▶ [DATA FOR THIS TASK]

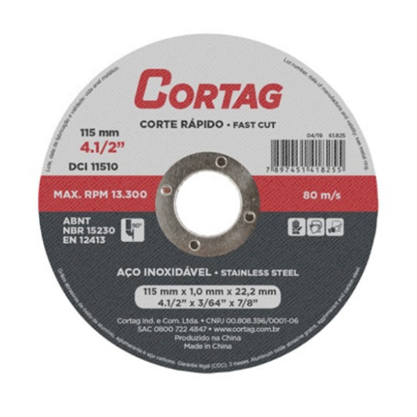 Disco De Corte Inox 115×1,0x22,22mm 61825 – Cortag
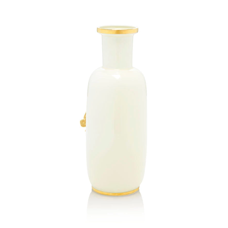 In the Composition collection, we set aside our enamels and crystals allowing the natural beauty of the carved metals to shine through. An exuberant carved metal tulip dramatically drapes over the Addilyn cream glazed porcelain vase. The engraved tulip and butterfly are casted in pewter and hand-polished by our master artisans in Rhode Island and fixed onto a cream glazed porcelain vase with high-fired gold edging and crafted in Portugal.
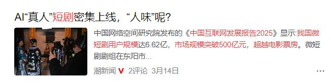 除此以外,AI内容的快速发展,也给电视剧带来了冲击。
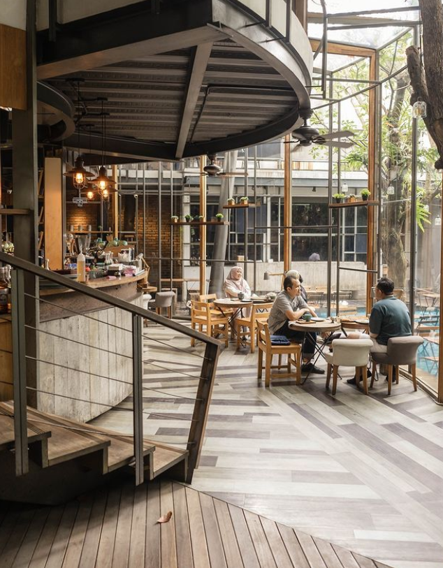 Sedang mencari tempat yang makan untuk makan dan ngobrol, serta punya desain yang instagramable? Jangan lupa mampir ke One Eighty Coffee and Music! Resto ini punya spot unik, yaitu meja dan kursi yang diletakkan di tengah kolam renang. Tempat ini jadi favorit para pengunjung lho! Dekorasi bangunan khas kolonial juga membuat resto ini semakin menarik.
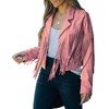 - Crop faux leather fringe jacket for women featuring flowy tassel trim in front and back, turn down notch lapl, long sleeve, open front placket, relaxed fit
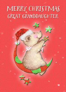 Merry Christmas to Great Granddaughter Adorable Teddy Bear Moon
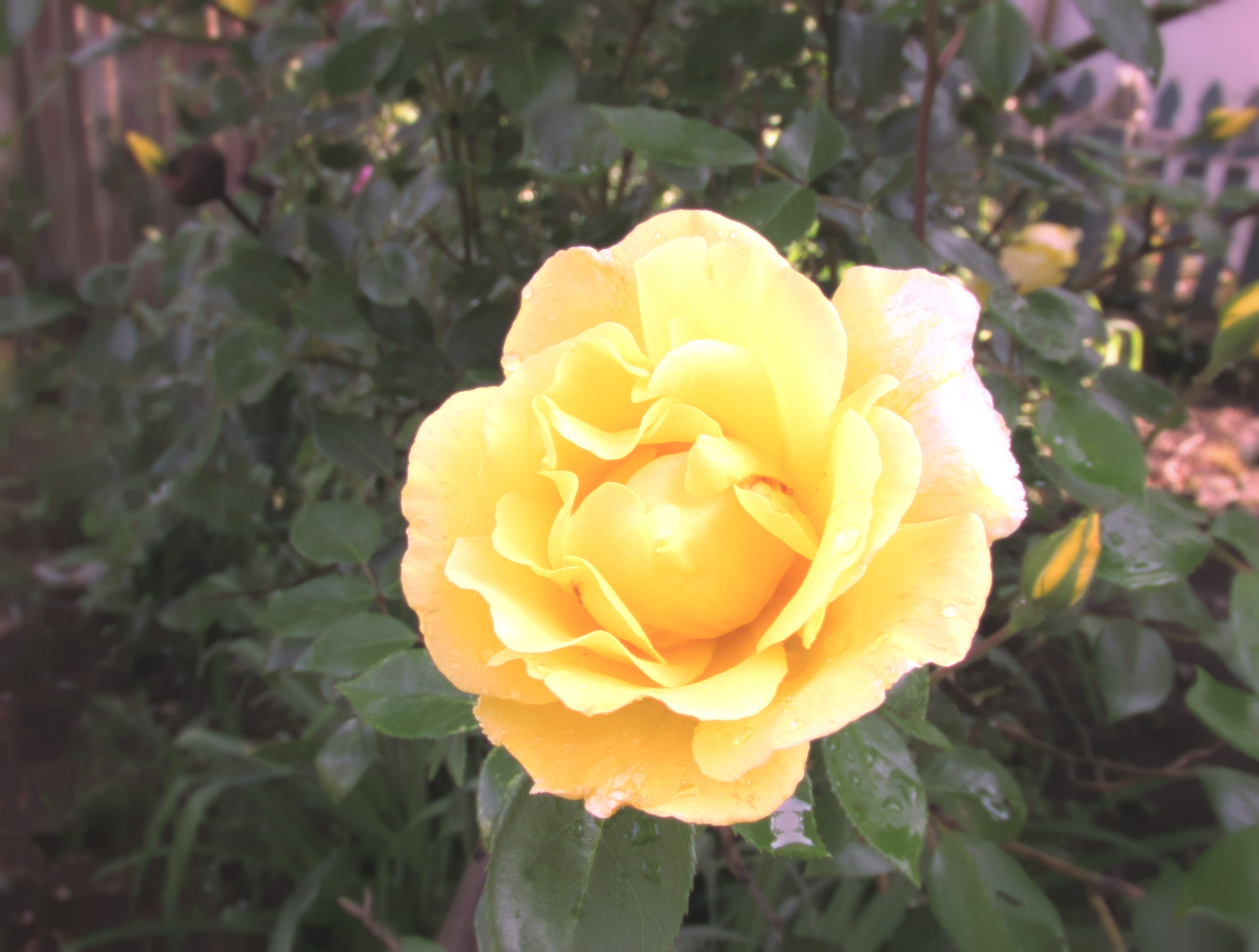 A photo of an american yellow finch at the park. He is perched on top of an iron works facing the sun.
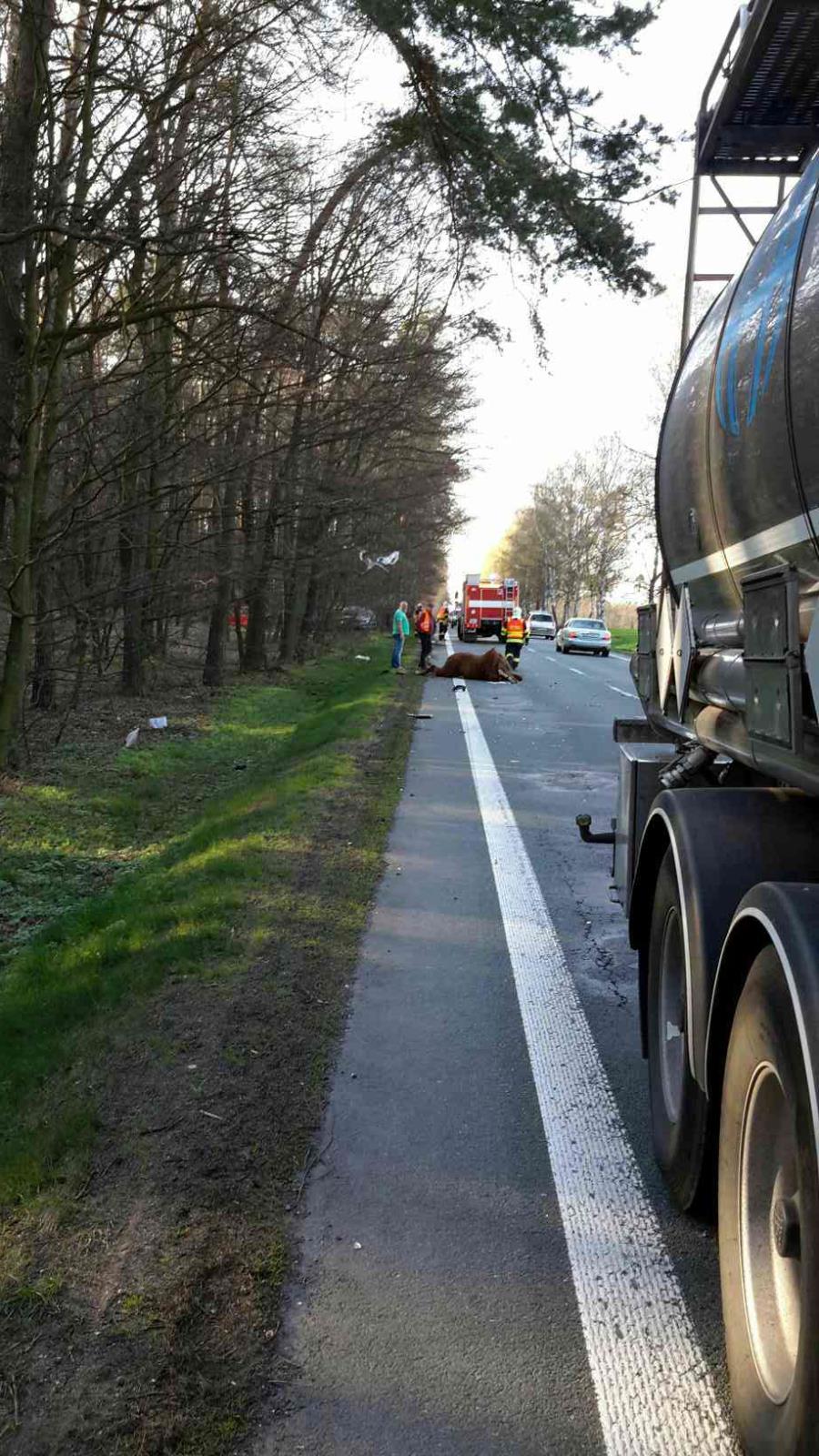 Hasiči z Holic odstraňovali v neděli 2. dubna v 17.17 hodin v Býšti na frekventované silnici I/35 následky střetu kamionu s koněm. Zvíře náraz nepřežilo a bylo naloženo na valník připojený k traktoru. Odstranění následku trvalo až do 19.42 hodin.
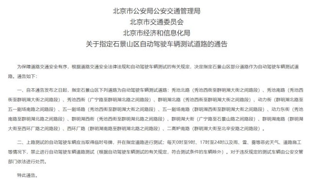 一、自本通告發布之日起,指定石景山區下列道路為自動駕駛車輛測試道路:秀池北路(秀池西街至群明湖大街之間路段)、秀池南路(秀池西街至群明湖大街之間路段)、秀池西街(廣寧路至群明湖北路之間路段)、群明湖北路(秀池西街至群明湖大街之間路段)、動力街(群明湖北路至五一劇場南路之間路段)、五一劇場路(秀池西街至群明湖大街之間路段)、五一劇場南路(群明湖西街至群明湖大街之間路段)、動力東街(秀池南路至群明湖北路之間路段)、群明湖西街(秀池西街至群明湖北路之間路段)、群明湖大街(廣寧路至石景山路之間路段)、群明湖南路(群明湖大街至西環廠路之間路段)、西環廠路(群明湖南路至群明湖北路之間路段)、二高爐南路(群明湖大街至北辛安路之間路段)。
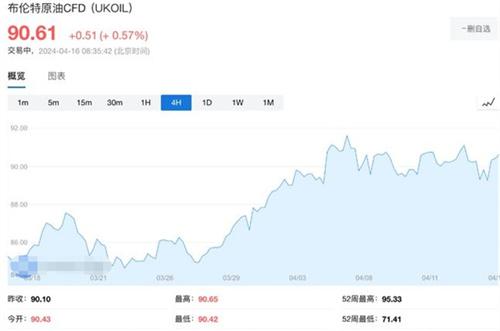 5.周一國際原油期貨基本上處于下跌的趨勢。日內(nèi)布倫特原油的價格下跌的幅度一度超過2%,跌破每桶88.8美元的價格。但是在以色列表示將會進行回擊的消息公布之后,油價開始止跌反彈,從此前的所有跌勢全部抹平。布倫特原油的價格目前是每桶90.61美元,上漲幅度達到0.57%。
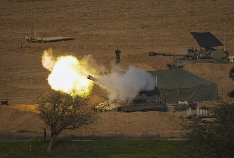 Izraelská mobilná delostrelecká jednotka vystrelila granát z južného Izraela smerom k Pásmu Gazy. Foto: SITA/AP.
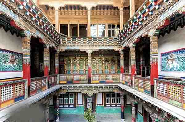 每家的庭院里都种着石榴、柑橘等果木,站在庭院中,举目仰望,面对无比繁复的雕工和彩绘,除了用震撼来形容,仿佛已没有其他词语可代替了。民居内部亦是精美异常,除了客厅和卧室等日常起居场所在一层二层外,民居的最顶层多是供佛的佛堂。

▶ [EXERCISE PROMPT]
What you write must match, line for line, the lines from the one with "Merry Christmas to" through the last line of the data above, minus the pictures.

▶ [OUTPUT OF THE TASK]
 Merry Christmas to Great Granddaughter Adorable Teddy Bear Moon
 A photo of an american yellow finch at the park. He is perched on top of an iron works facing the sun.
 Hasiči z Holic odstraňovali v neděli 2. dubna v 17.17 hodin v Býšti na frekventované silnici I/35 následky střetu kamionu s koněm. Zvíře náraz nepřežilo a bylo naloženo na valník připojený k traktoru. Odstranění následku trvalo až do 19.42 hodin.
 一、自本通告發布之日起,指定石景山區下列道路為自動駕駛車輛測試道路:秀池北路(秀池西街至群明湖大街之間路段)、秀池南路(秀池西街至群明湖大街之間路段)、秀池西街(廣寧路至群明湖北路之間路段)、群明湖北路(秀池西街至群明湖大街之間路段)、動力街(群明湖北路至五一劇場南路之間路段)、五一劇場路(秀池西街至群明湖大街之間路段)、五一劇場南路(群明湖西街至群明湖大街之間路段)、動力東街(秀池南路至群明湖北路之間路段)、群明湖西街(秀池西街至群明湖北路之間路段)、群明湖大街(廣寧路至石景山路之間路段)、群明湖南路(群明湖大街至西環廠路之間路段)、西環廠路(群明湖南路至群明湖北路之間路段)、二高爐南路(群明湖大街至北辛安路之間路段)。
 5.周一國際原油期貨基本上處于下跌的趨勢。日內(nèi)布倫特原油的價格下跌的幅度一度超過2%,跌破每桶88.8美元的價格。但是在以色列表示將會進行回擊的消息公布之后,油價開始止跌反彈,從此前的所有跌勢全部抹平。布倫特原油的價格目前是每桶90.61美元,上漲幅度達到0.57%。
 Izraelská mobilná delostrelecká jednotka vystrelila granát z južného Izraela smerom k Pásmu Gazy. Foto: SITA/AP.
 每家的庭院里都种着石榴、柑橘等果木,站在庭院中,举目仰望,面对无比繁复的雕工和彩绘,除了用震撼来形容,仿佛已没有其他词语可代替了。民居内部亦是精美异常,除了客厅和卧室等日常起居场所在一层二层外,民居的最顶层多是供佛的佛堂。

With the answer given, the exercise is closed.